I have to wait to file bankruptcy until I’ve fallen behind on payments.
You may file bankruptcy even if you are current on some or all of your debt payments.
If there are debts I want to continue paying, I can leave them out of the bankruptcy.
You must list all debts in your bankruptcy documents, even debts that aren’t dischargeable. Debts owed to family members and friends must also be listed; however, there is no prohibition against repaying debts discharged in bankruptcy should you choose to do so. At your 341 Meeting of Creditors, the bankruptcy trustee will ask you under oath whether you have listed all your debts in the bankruptcy schedules.

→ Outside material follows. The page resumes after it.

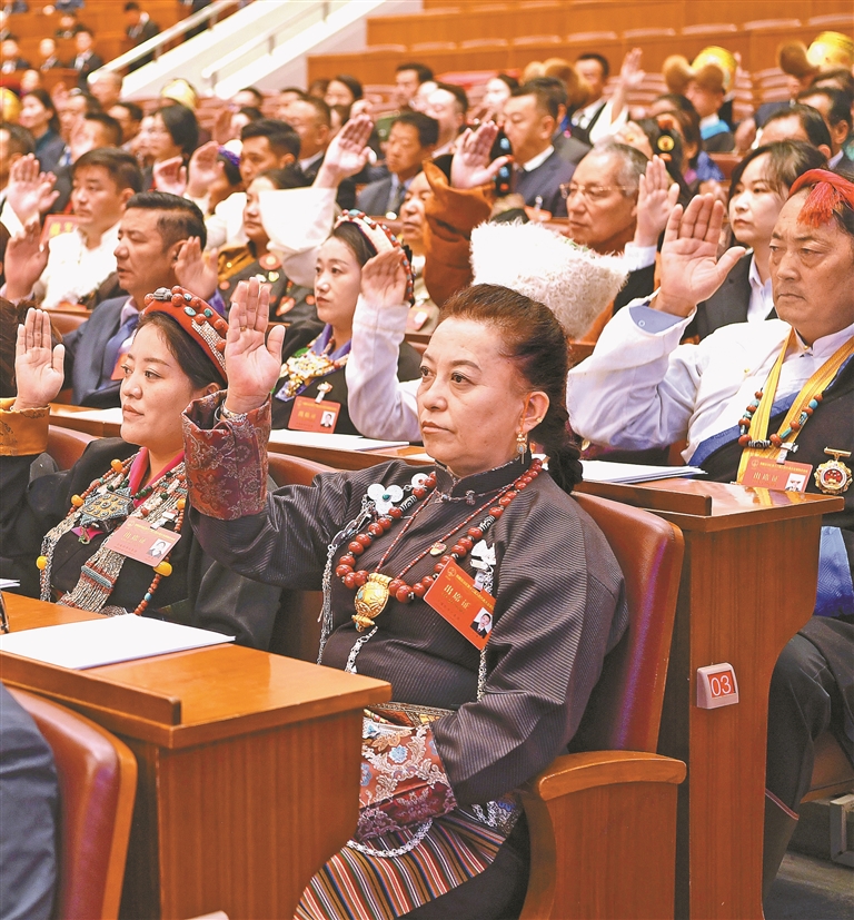 人大代表们举手表决各项决议草案。记者 洛桑 摄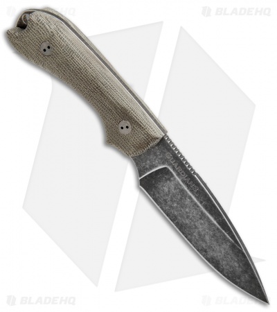 This Guardian3 model has a Sabre style blade with a Nimbus finish (black/stonewash) and 3D OD green micarta handle scales.

The Bankruptcy Court may decide not to grant a discharge.
As long as you are eligible for a discharge and comply with all the requirements for bankruptcy debtors, you shouldn’t have to worry about your discharge going through. It’s important to comply with the bankruptcy trustee’s request for documents and information, appear at the 341 Meeting of Creditors with proper identification and proof of social security number, file any unfiled income tax returns, turn over any non-exempt assets to the bankruptcy trustee if requested, and take the post-filing debtor education course. A competent bankruptcy attorney will fully analyze any issues regarding your eligibility for a discharge prior to filing the case to avoid an unpleasant surprise.
I will lose my house if I file bankruptcy.

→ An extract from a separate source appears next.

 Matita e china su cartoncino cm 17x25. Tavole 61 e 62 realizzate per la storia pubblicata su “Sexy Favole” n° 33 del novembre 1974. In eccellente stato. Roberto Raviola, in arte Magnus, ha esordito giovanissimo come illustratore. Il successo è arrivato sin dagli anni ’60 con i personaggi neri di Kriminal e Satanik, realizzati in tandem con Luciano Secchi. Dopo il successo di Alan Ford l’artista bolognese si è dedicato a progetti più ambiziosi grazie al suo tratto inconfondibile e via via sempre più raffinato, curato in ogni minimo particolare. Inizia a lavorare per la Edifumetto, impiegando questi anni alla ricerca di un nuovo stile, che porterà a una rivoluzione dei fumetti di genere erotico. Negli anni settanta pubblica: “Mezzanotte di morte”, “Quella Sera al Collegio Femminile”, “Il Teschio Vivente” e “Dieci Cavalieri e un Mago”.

As long as your house is protected by an exemption, and you stay current on any and all mortgage payments, you will be able to keep your house in a bankruptcy. The Arizona exemptions apply to your case if you’ve lived in Arizona continuously for two years prior to filing. Under the Arizona homestead exemption, the house you live in is exempt up to $150,000 in equity, or a maximum of $150,000 in fair market value when owned free and clear of mortgage liens. Married couples share the $150,000 exemption and do not receive $150,000 each.
I will lose my car if I file bankruptcy.
As long as your car is protected by an exemption, and you stay current on any auto loans and/or title loans secured by the vehicle, you will be able to keep your car in a bankruptcy. Assuming the Arizona exemptions apply to your case, you may protect up to $6,000 in equity in a motor vehicle, or fair market value if owned free and clear, and $12,000 if you’re disabled (license plate or placard required). When married, each spouse receives an exemption, and therefore a couple with Arizona exemptions can protect two vehicles with no more than $6,000 in equity a piece, or a single vehicle with a maximum of $12,000 in equity (if owned free and clear, these amounts are based on the fair market value). These exemption figures are doubled for each disabled spouse. Fair market value is generally determined by the kbb.com (www.kbb.com) private party valuation.

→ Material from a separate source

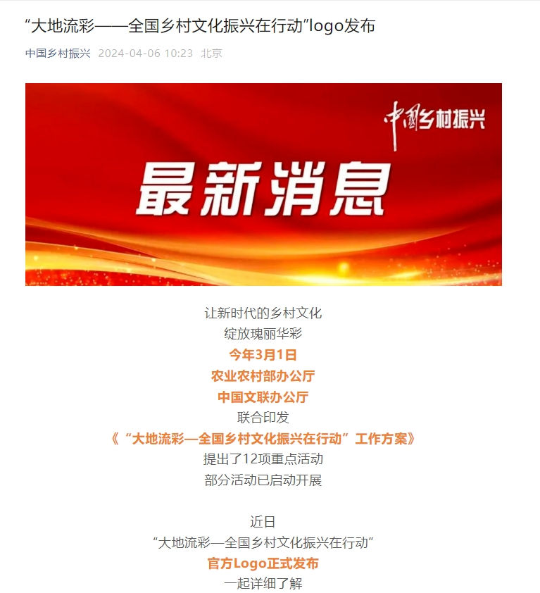 为深入学习贯彻习近平文化思想,贯彻落实习近平总书记关于“三农”工作的重要论述,根据中央农村工作会议、中央一号文件部署要求,农业农村部办公厅、中国文联办公厅联合印发《“大地流彩—全国乡村文化振兴在行动”工作方案》。2024年是新中国成立75周年,是实现“十四五”规划目标任务的关键一年。“大地流彩——全国乡村文化振兴在行动”以打造“有影响力传播力的管用平台”为抓手,坚持发挥农民主体作用,部署了“听党话、感党恩、跟党走”宣讲、“粮安天下”农民公益培训、“爱中华爱家乡”中国农民诗会、“宜居宜业和美乡村”农民文艺作品展、“新国潮”乡村优秀文化艺术展演、乡村记忆工程、乡村文化地图发布、乡村大讲堂、农耕农趣农味文化体育活动、乡村文化产业创意大赛、乡村文化艺术基地培育、全国乡村文化艺术展演季等十二项重点活动,广泛宣传党的创新理论,全面加强乡村文化保护传承,推动农耕文明优秀遗产与现代文明要素有机结合,促进乡村文化资源创造性转化和乡村文化产业创新性发展。

Filing bankruptcy makes me a bad person.
The concept of bankruptcy discharge—receiving a periodic release from debt—can be traced back to the Hebrew Scriptures. There are an endless number of life events that can lead to filing bankruptcy. Whether it’s illness, job loss, injury, divorce, a death, business failure, addiction issues, or human error, everyone deserves a fresh start. Let’s face it, in the current climate of massive student loan debt, expensive health care and child care, and relatively low wages combined with a high cost of living, it’s tough to make ends meet. Most of us are familiar with President Trump’s business bankruptcies, but here are some bankruptcy filers that may surprise you: Abraham Lincoln, Ulysses S. Grant, Walt Disney, Henry Ford, Mark Twain, Oscar Wilde, Francis Ford Coppola, Burt Reynolds, Cindy Lauper, Meatloaf, Mick Fleetwood, Mike Tyson, and Dave Ramsey…the list goes on and on. Hard times can fall on anyone, even those of us who experience great financial success. Bankruptcy exists to help you get past the bad breaks and move on with your life.